START RECORDED DATA

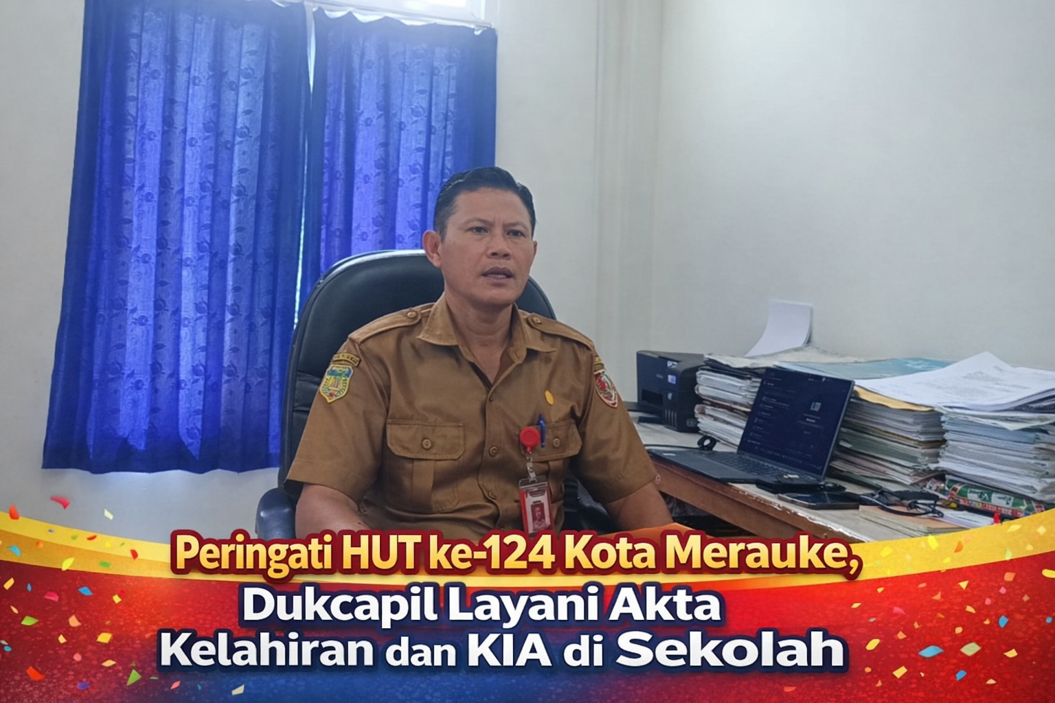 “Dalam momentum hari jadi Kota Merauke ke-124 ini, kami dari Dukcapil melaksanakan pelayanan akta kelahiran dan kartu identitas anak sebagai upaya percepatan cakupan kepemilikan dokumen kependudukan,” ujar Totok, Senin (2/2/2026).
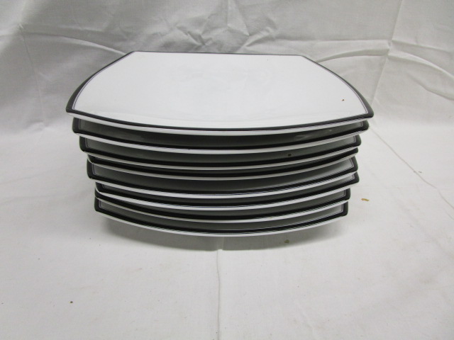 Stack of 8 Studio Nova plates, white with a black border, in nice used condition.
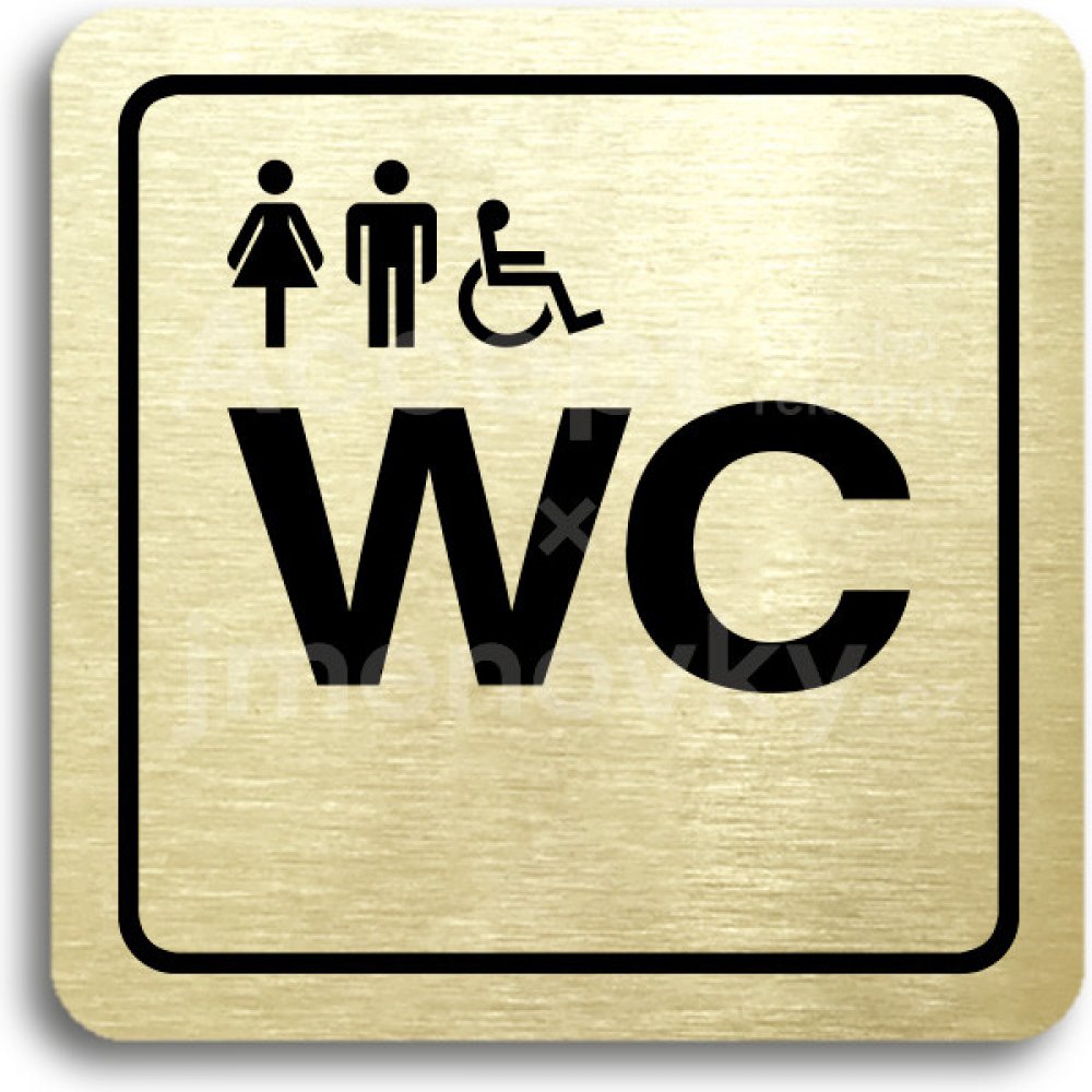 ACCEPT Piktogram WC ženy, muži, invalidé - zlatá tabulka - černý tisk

END RECORDED DATA

Without including any pictures, print all of the material exactly as given.

 “Dalam momentum hari jadi Kota Merauke ke-124 ini, kami dari Dukcapil melaksanakan pelayanan akta kelahiran dan kartu identitas anak sebagai upaya percepatan cakupan kepemilikan dokumen kependudukan,” ujar Totok, Senin (2/2/2026).
 Stack of 8 Studio Nova plates, white with a black border, in nice used condition.
 ACCEPT Piktogram WC ženy, muži, invalidé - zlatá tabulka - černý tisk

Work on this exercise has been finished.